3. The method according to claim 2, wherein in step S2, cyclic voltammetry is used, initial voltage and high potential are set to 0.5V, low potential is-1.5V, and electrodeposition of Cl is cyclically scanned in an interval₂MWNTs, number of scanning turns 10 turns, and the whole electrodeposition process is in nitrogen atmosphere.

4. The preparation method of claim 2, wherein the modified ZIF-8 of step S1 is obtained by dropping 4-8 μ L of 0.2-0.6 mg/mL ZIF-8 suspension on the surface of CILE.

5. The method of claim 2, wherein the modified polyclonal antibody of step S3 is Cl obtained in step S2₂And 8-12 mu L of 15mg/mL monoclonal antibody solution is dripped on the surface of the MWNTs/ZIF-8/CILE electrode.

6. The method of claim 2, wherein step S4 is the monoclonal antibody/Cl obtained in step S3₂60-100 mu L of 0.5% Nafion is dripped on the surface of-MWNTs/ZIF-8/CILEEthanol solution.

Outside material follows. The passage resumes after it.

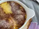 La rabanada, una especie de torrija, y es un clásico tanto en Portugal como en Brasil. Se hace con pan duro mojado en leche o vino, luego frito y espolvoreado con azúcar y canela. Actualmente se realizan versiones de esta receta en las que se utilizan bollería o pan de molde. Aquí te mostramos una versión deliciosa hecha con croissant. Además, va horneada en lugar de frita.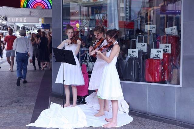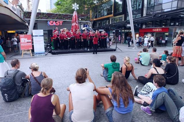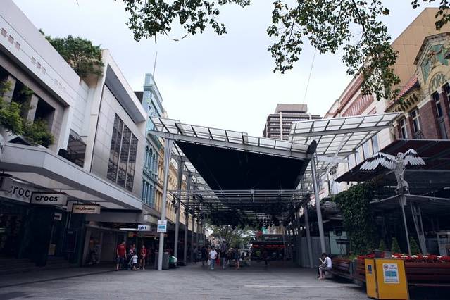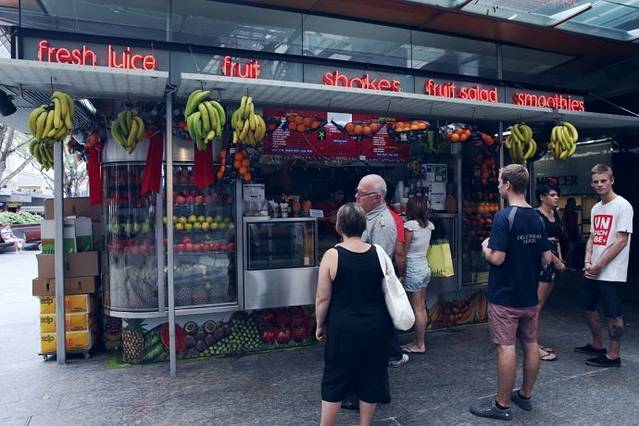 布里斯班的商业街就在酒店走过去两条街道的Queen St.,因为check in的时间是下午两点,所以我们把行李寄存在酒店前台便去CBD闲逛一下。澳大利亚盛产丰富的水果,渴了累了,我们买杯鲜榨果汁路边享用。5.5AUD/杯

7. Use of the electrochemical biosensor of claim 1 for detecting tetrabromobisphenol a bis (2-hydroxyethyl) ether.

8. The use according to claim 4, wherein the electrochemical biosensor of claim 1 is used as a working electrode, a platinum sheet electrode as a counter electrode, an Ag/AgCl electrode as a reference electrode, and Tris-HCl buffer solution with pH of 8 as a supporting electrolyte, a three-electrode system is established, and the concentration of tetrabromobisphenol A bis (2-hydroxyethyl) ether in the sample is calculated from the relationship between the current and the concentration of tetrabromobisphenol A bis (2-hydroxyethyl) ether by cyclic voltammetry.